# USB memory stick no longer recognised



## Punkster

I've been a bit ignorant and thought i could get away with removing USB memory sticks without going through the "safe to remove" procedure, and now when i put the USB in, it will appear as a removable device in My Computer.


but when i double click on it and try to open it, it will say "application not found"


any ideas for solution to fix this problem?


i've learnt my lesson now, and always click on the safe to remove device thing first before i take out the USB.


thanks in advance


----------



## bengal85

I would say you have corrupted the drive I would get a new one and learn from your past experiences


----------



## fmw

Try reformatting it first.


----------



## Punkster

when i try to reformat it, it says:

"There is no disk in drive F:

Insert a disk, and then try again."


is there definitely no way of saving this USB memory stick?


----------



## fmw

That would be my guess.  These things are pretty unreliable, as you probably know.


----------



## chrisalv14

mate, this happened to me but all i do is "Right Click the drive > Explore" and there we have it. i have access to my corrupted USB! 
Try it


----------



## bengal85

chrisalv14 said:


> mate, this happened to me but all i do is "Right Click the drive > Explore" and there we have it. i have access to my corrupted USB!
> Try it



This problem doesnt sound like what is wrong here what brand of drive is it


----------



## Bodaggit23

I've always just removed them.

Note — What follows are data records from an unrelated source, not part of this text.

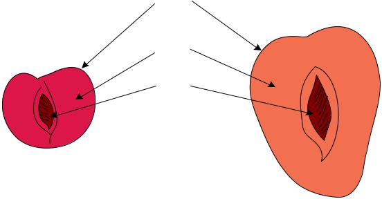 Рис. 2. Строение плодов вишни (а) и сливы (б): 1 – кожица; 2 – плодовая мякоть; 3 – семя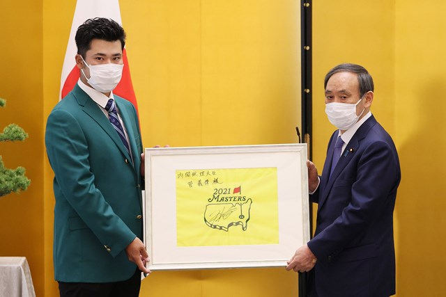 在表彰仪式上,松山英树将奥古斯塔果岭旗和大师赛帽子赠予了菅义伟。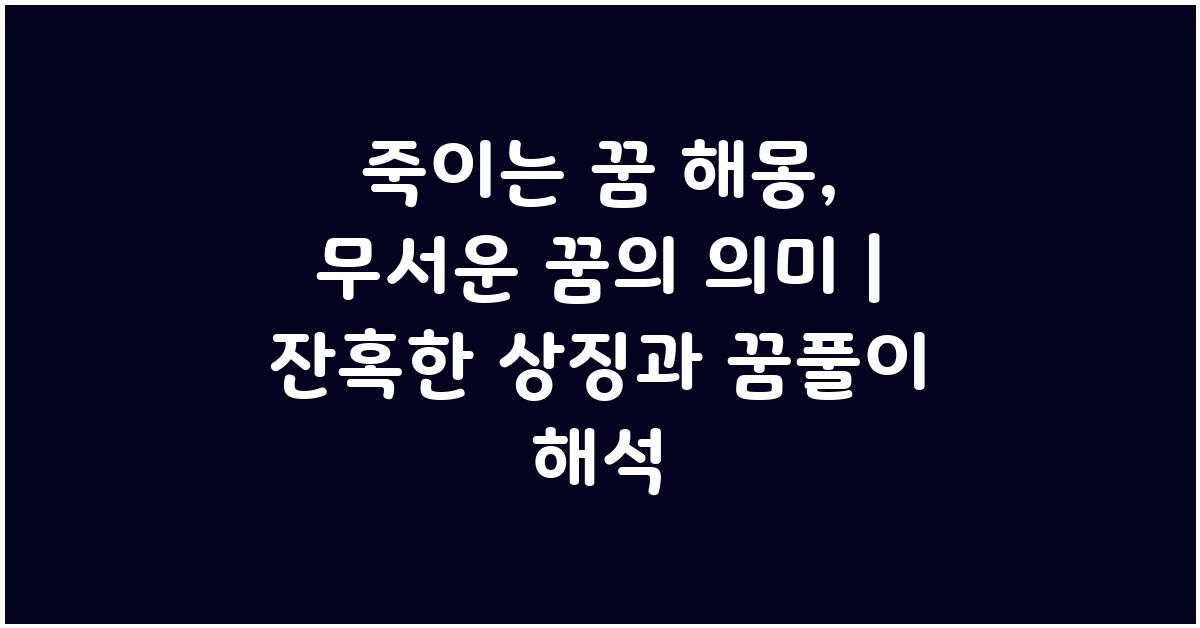 죽이는 꿈 해몽, 무서운 꿈의 의미 | 꿈해몽 꿈풀이 꿈해석 꿈의미는 단순히 악몽이 아닙니다. 우리의 무의식을 돌아보게 만들고 그것을 통해 성장할 수 있는 기회를 제공합니다. 꿈은 여러분이 자아를 더 잘 이해하고 발전시키는 데 도움을 줄 수 있는 중요한 요소입니다. 힘든 꿈으로부터 어떻게 긍정적인 변화를 이끌어낼 수 있을까요? 항상 자신의 마음을 살피고 그 의미를 찾아간다면, 무섭고 복잡한 꿈이 우리에게 주는 유익한 지혜를 발견하게 될 것입니다.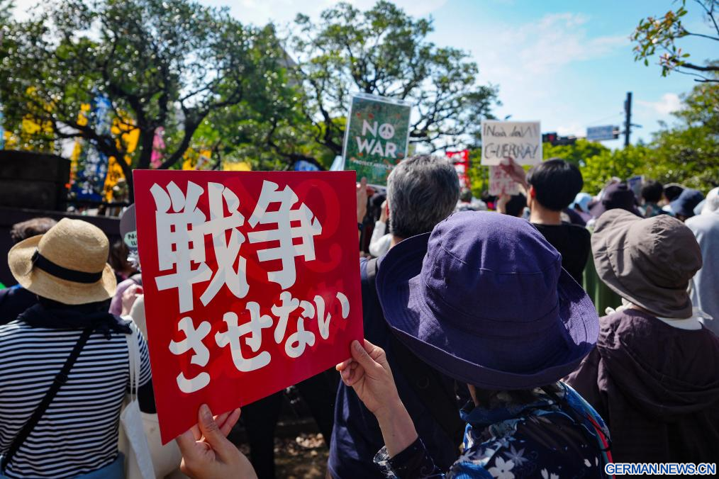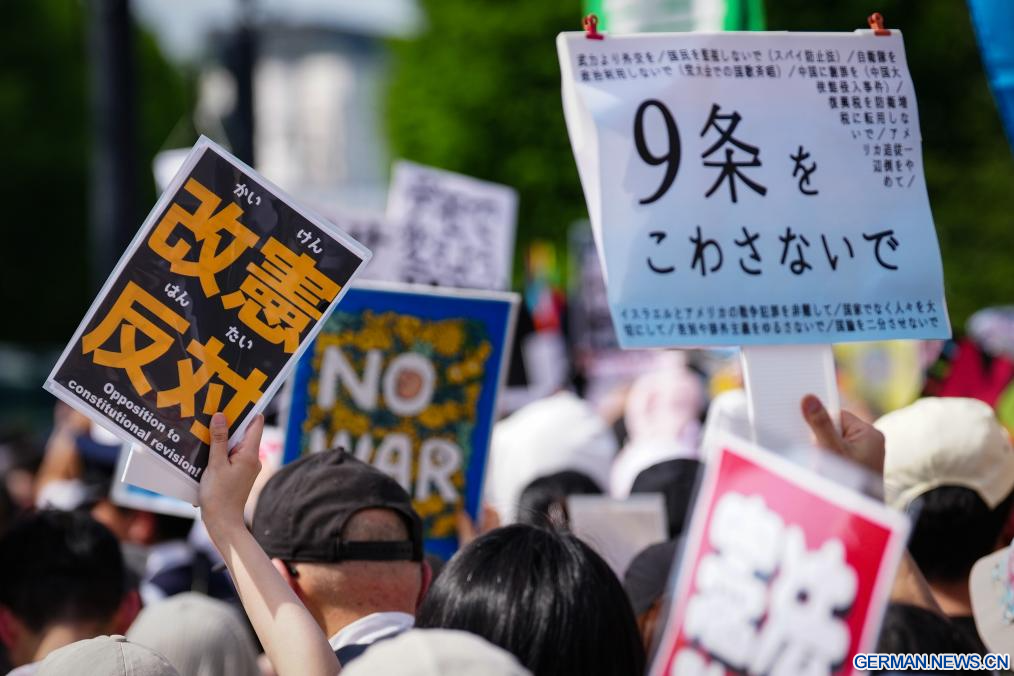 TOKIO, 19. April 2026 (Xinhuanet) -- Menschen versammeln sich um das Parlamentsgebäude in Tokio, Japan, um gegen die Versuche der Regierung von Premierministerin Sanae Takaichi zur Änderung der Friedensverfassung des Landes zu protestieren und den Schutz von Artikel 9 zu fordern, 19. April 2026.

I don't use the "Safely Remove" feature.

By default, Windows allows you to do this:


----------



## Zatharus

Before tossing the drive:

Since it mounts open up the Disk Management application and try deleting the existing partition (as it is most likely corrupt) and recreating/reformatting the device.  I have resurrected and repartitioned several units this way in the past.

Also make sure that you check the Writing Cache properties as mentioned by Bodaggit23.  With that set properly, you do not have to worry about data corruption when simply removing the device...unless you remove it in the midst of a file save/copy or what have you.

Give that a shot and let us know what happens.


----------